But there was also a remembrance of when Monroe, then obese, fell into a diabetic coma after a 2004 meeting in Washington of the American Society of Newspaper Editors. Colleagues rushed him to the hospital, where Monroe was warned that if he didn’t lose weight, he wouldn’t see his kids grow up.

Those were just two of the remembrances that surfaced during a nearly two-hour Zoom call described as a “collective hug” by Dorothy Tucker, NABJ president, and “therapeutic” by Jerry Ceppos, a veteran journalist who worked with Monroe at the San Jose Mercury News and helped rush him to the hospital that day in 2004.

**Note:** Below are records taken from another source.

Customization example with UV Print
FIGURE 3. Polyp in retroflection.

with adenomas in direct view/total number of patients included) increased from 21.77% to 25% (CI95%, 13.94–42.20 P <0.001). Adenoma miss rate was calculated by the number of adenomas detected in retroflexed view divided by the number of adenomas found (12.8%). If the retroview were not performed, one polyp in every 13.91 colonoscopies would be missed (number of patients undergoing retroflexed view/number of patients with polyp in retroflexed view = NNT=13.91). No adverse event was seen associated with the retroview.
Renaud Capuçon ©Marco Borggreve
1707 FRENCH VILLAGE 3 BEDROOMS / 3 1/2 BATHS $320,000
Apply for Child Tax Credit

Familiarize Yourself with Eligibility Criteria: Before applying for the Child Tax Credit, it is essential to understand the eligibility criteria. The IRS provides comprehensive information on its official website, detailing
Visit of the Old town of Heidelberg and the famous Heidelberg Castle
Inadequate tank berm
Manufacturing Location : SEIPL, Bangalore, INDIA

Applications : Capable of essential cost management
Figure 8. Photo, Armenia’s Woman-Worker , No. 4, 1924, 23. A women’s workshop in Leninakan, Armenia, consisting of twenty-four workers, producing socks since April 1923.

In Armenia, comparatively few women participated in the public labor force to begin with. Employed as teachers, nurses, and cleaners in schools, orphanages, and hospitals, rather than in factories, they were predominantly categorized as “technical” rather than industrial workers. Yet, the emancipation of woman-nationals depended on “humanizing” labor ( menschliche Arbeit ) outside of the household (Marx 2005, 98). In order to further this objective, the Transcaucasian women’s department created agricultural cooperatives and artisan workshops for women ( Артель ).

Monroe, a journalism professor and former NABJ president who shared in a Pulitzer Prize, died Wednesday at his suburban Washington home after a heart attack. He was 55. Forty-two of his NABJ colleagues, including seven former NABJ presidents, were on the Zoom. So were colleagues from CNN Digital, where he had been op-ed editor and editor of CNNPolitics; Johnson Publishing, where he was vice president and editorial director at Ebony and Jet magazines, and Temple University, where he was Verizon chair and professor at the Klein College of Media and Communication.

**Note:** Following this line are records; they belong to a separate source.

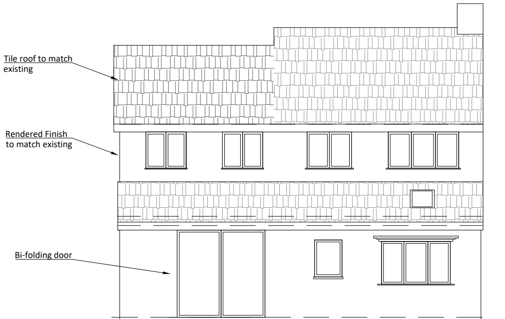
Proposed Rear (SW) Elevation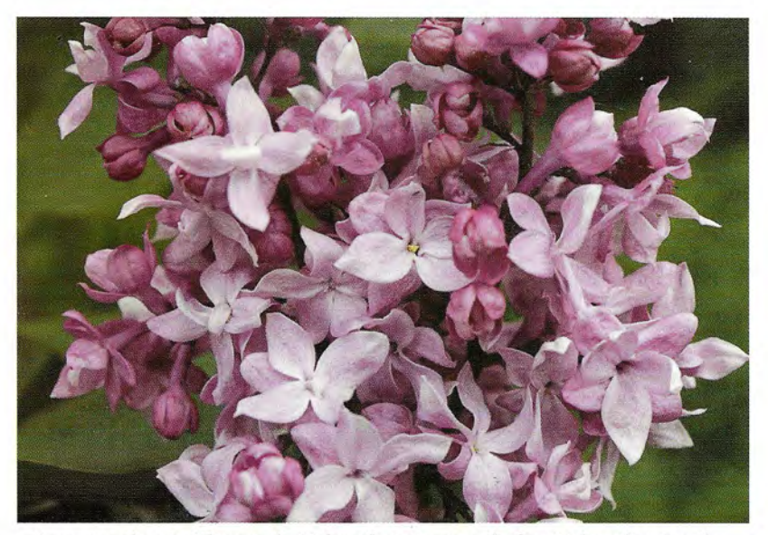
Syringa vulgaris 'Olimpiada Kolesnikova'; named after Kolesnikov's wife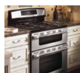
All-Gas Double Oven First all-gas double oven. NA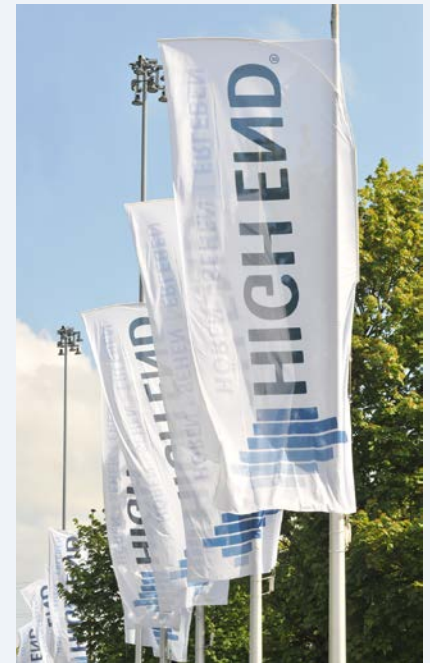
HIGH END signs > picture download

Reprints free of charge – specimen copy requested

Tucker announced that funeral services would be held Tuesday at 11 a.m. Eastern, with details to come, and to be followed by a memorial service “a few weeks later.”

The family announced Sunday night that “Due to current pandemic environments, only the immediate family will be in physical attendance. The Family invites and encourages everyone to join us via a virtual live stream beginning at 10:45am EST. We ask that you connect using: https://www.haripclosefunerals.com/services/ then click on Live Stream. The password is ‘Monroe’.”

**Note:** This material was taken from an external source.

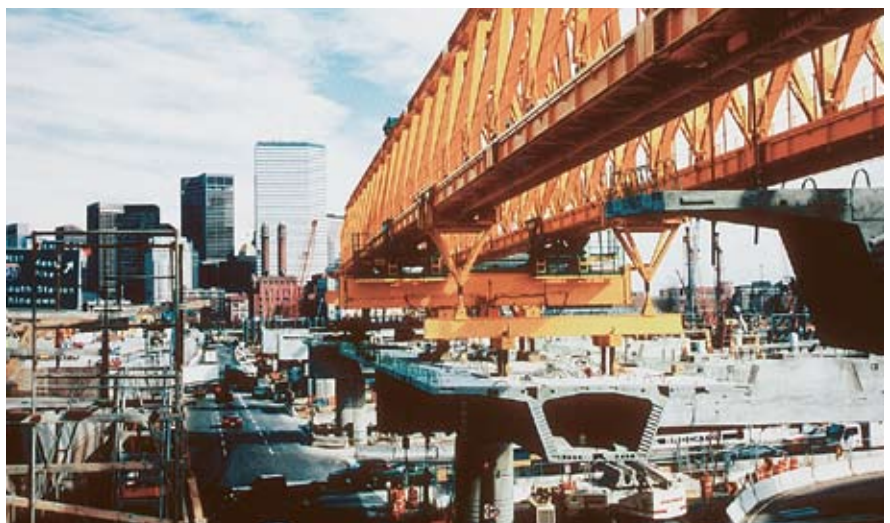
Fig. 5. Self-launching overhead gantry.

In the span-by-span erection method, all segments of a span are aligned and supported by the gantry. As each segment is erected, epoxy adhesive is applied to the segment face and temporary 1.375 in. (36 mm) diameter post-tensioning thread bars connect it to the previously erected segment.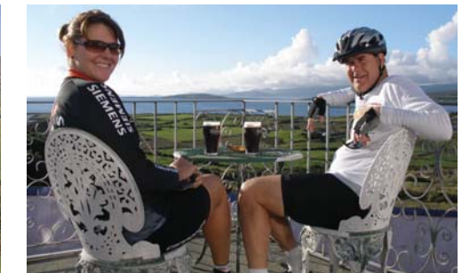
Drink with a view

The National Association of Black Journalists alerted members to the Saturday Zoom celebration.

David Boardman, dean of the Lew Klein College and who hired Monroe to teach there, announced that the family is establishing a scholarship there in Monroe’s name.

The NABJ call was recorded and may be viewed here. It was organized by Tucker and Herbert Lowe, who immediately preceded Monroe as NABJ president and wrote his own tribute at The Undefeated.

Lowe had organized another Zoom call where, Lowe wrote, “Two dozen of us the night he died spent nearly three hours remembering Bryan. . . . It was incredibly joyous and heartbreaking, loving and cathartic, emotional and resolving for us to recall his friendship, spirit, encouragement, generosity, confidence, leadership, vision, hugs, love for his family – and, yes, his willingness to pick up the check for expensive meals and alcohol.”

Saturday’s call had many of the same qualities.

“He would hold court and tell such great stories,” said Meredith Artley, who as senior vice president and editor in chief at CNN Digital worldwide was Monroe’s boss at that network. “He had this general charisma that was so powerful. He was always talking about connecting the dots. He was the guy who everyone wanted to be around.”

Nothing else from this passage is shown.